After the for loop has completed all the iterations then our model has been trained. At this point it is a good idea to evaluate the model, perhaps graph some output and make some predictions on new data it has never seen to evaluate the predictive accuracy.

Model Evaluation

# Graph loss
sns.set_style("darkgrid")
loss_df = pd.DataFrame({'Step': range(500), 'Loss': losses})
ax = sns.lineplot(x='Step', y='Loss', data=loss_df)
plt.show()

We are using seaborn, a library built on top of matplotlib that outputs very aesthetically pleasing graphs. Here we set the style before creating a pandas dataframe using the loss with the number of iterations. We label the graph, pass the dataframe and use plt.show() to display the image.

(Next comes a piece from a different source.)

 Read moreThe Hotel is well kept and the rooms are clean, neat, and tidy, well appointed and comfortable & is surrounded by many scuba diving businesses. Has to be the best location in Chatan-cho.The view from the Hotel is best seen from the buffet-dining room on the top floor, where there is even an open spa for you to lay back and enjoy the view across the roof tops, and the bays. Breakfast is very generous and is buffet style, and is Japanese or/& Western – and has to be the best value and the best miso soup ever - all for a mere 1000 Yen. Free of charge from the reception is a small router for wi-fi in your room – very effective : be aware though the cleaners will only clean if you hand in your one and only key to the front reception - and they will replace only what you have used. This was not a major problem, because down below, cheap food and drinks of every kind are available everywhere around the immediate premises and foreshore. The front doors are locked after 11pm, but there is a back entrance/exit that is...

Notice how the loss decreases over the 500 iterations as our model becomes more accurate in predicting the correct iris flower category.

# Test
y_pred = model(x_test)
loss = loss_fn(y_pred, y_test)
print("Test Loss: {:.4f}".format(loss))

Next we can perform a prediction based on data our model has not yet seen. This is why we split our data up earlier and have x_test and y_test.

# Accuracy
pred_labels = torch.argmax(y_pred, dim=1)
actual_labels = torch.argmax(y_test, dim=1)
results = pred_labels == actual_labels
correct_preds = len([i for i in results if i == 1])
incorrect_preds = len(y_test) - correct_preds
accuracy = correct_preds / len(results)
print("Accuracy: {:.4f}".format(accuracy))

# Visualise
conf_matrix = confusion_matrix(actual_labels, pred_labels)
labels = list(set(y))
df_conf_matrix = pd.DataFrame(conf_matrix, index=labels, columns=labels)
plt.figure(figsize=(10, 7))
sns.set(font_scale=1.4)
sns.heatmap(df_conf_matrix, annot=True, annot_kws={"size": 16})
plt.show()

The last blocks of code are evaluating the accuracy of the model along with some visualization aid. We use the predictions we just made to determine how many correct and incorrect predictions there were. We also determine which categories were predicted incorrectly and chart this in a confusion matrix. A confusion matrix is a nice way to visualize which categories were misclassified. It not only tallies these misclassifications but also what they were misclassified as. This helps us see for example if category A is being misclassified as category B frequently whereas category C is often being mistaken for category A.

Summary

I hope this deep dive into one of the more basic classification examples was useful. We were able to take the iris dataset and preprocess the data. We then created a model and trained the model using pytorch to classify iris flowers based on a number of features of the flowers. After training our model we were then able to graph the loss and visualize the accuracy of our model using seaborn. The iris flower dataset produces very high accuracies and so it is a good place to start, however other datasets are less straightforward and
those high prediction accuracies are not so commonplace. The concepts used in this exploration are basic but very useful and can be carried forward to more complex undertakings.